Hasan Minhaj Responds to Embellishment Allegations: “Emotional Truth Is First”

“I use the tools of stand-up comedy to tell entertaining stories,” Minhaj said in a statement. “That’s inherent to the art form. You wouldn’t go to a haunted house and say ‘Why are these people lying to me?’ — The point is the ride. Stand-up is the same.”

Hasan Minhaj Responds to Embellishment Allegations: “Emotional Truth Is First”
In a recent profile by The New Yorker, Minhaj admitted that several stories he has told in stand-up routines over the years were embellished. Photo credit: Neal Brennan

Comedian Hasan Minhaj frequently includes anecdotes about his life as a Muslim American in his stand-up act. However, a recent profile by Clare Malone at The New Yorker found that some details from these anecdotes have been embellished and fabricated.

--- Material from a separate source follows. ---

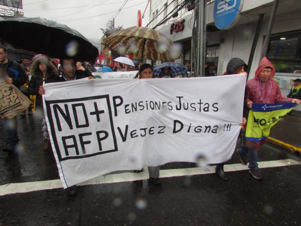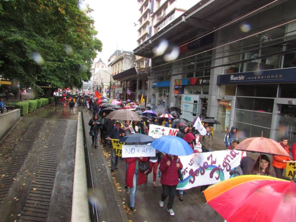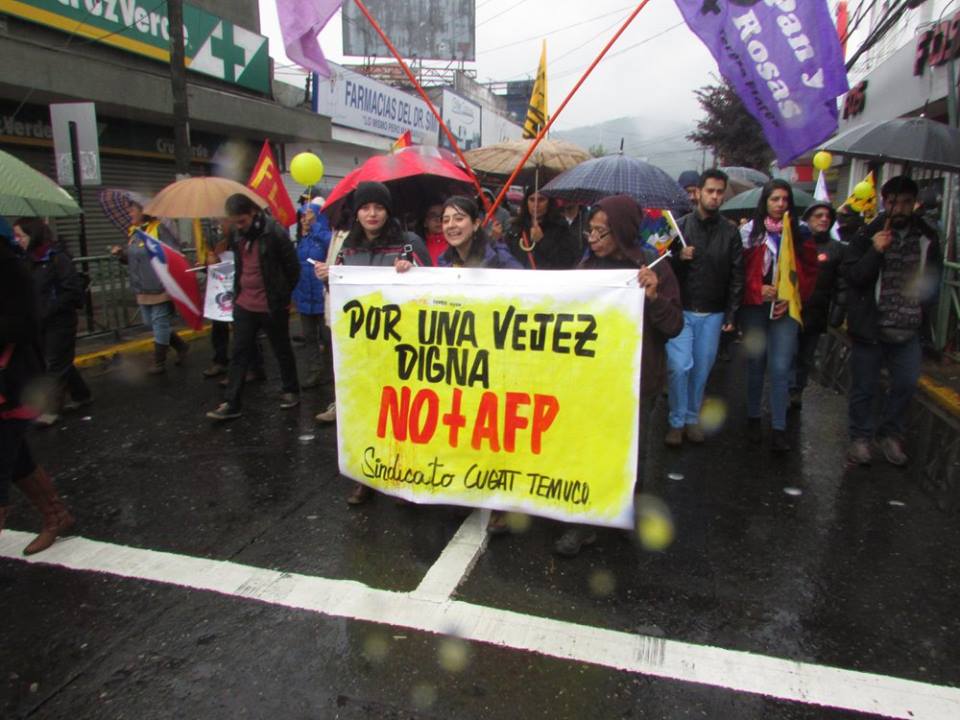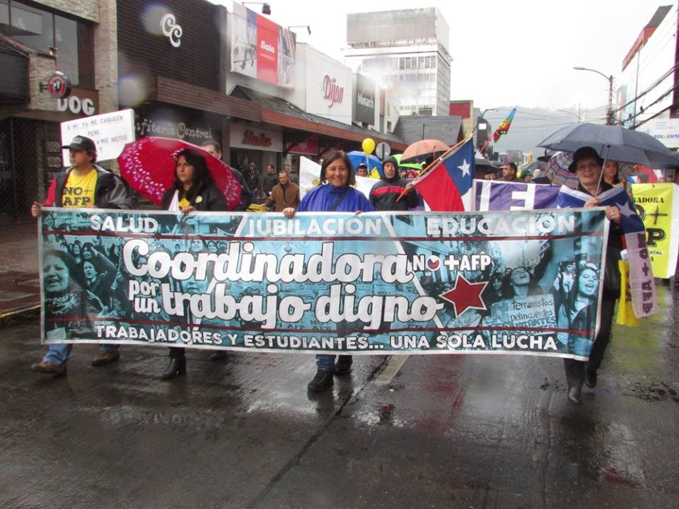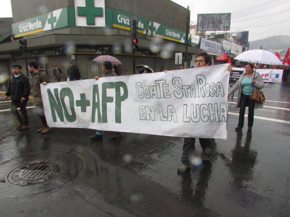 La coordinadora NO+AFP convocó a todos los sectores sociales en todos los rincones del territorio dominado por el estado de $hile a movilizarse en contra del sistema de capitalización individual privado; en lugar se propone por parte de las organizaciones un sistema de reparto solidario donde el aporte sea mixto (empleador, trabajador y estado) hasta los 65 años de edad en los hombres y hasta los 60 años de edad en las mujeres, ni un año más como pretenden desde la asociación de afp’s reformar y aumentar un 5% el aporte sin dejar de manifiesto quien costeará ese 5%. Dentro de las voces se dejó en claro que no se puede permitir que esta demanda justa y digna la capitalicen las afp’s, el llamado es a movilizarse, agitar, debatir en los lugares de empleo y preparar motores para un próximo paro nacional por la abolición de las afp´s y la puesta en marcha del proyecto de reparto solidario.

In a statement to The Hollywood Reporter, Minhaj came forward to say that “all my standup stories are based on events that happened to me.” This revelation has sparked discussions all across the internet on the boundaries of artistic license in comedy and the intricate interplay between humor and authenticity.

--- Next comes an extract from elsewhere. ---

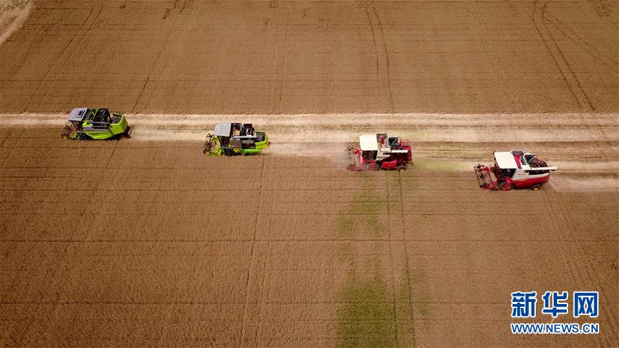 6月3日,在汶上县郭仓镇,收割机在收获小麦(无人机航拍)。 目前,我国第二大小麦主产区山东6000多万亩小麦进入收获阶段。农民们抢抓有利天气,自南向北陆续开镰。 新华社记者 郭绪雷 摄

“I use the tools of stand-up comedy — hyperbole, changing names and locations and compressing timelines to tell entertaining stories,” Minhaj said in his statement to The Hollywood Reporter. “That’s inherent to the art form. You wouldn’t go to a haunted house and say ‘Why are these people lying to me?’ — The point is the ride. Stand-up is the same.”

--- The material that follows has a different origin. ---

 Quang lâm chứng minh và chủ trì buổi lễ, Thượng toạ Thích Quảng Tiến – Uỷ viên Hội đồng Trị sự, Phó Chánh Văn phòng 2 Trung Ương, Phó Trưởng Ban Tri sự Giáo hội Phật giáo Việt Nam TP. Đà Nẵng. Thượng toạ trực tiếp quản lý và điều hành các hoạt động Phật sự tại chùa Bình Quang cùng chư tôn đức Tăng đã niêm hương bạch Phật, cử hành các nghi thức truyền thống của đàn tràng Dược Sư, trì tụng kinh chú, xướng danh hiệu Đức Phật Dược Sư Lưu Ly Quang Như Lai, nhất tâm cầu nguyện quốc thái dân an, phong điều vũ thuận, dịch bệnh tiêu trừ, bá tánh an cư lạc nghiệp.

The New Yorker found several pieces of material from Minhaj’s act that may not have played out the way he portrayed them onstage. One such story comes from his recent special, “The King's Jester” (2022), where he performed material about his daughter’s potential exposure to anthrax. During the set, Minhaj discussed reactions to “Patriot Act with Hasan Minhaj” (2018 - 2020). Minhaj claimed that in response to jokes about Narendra Modi’s Hindu nationalism and Jamal Khashoggi’s death, he received a letter containing white powder at his home, some of which spilled onto his daughter and resulted in a hospital visit.

The New Yorker's investigation, however, revealed that neither local hospitals nor the NYPD had any record of such an incident. Minhaj's security personnel, employees connected to the "Patriot Act" security team and unnamed staff at his former residence's front desk and mailroom had no recollection of such an event.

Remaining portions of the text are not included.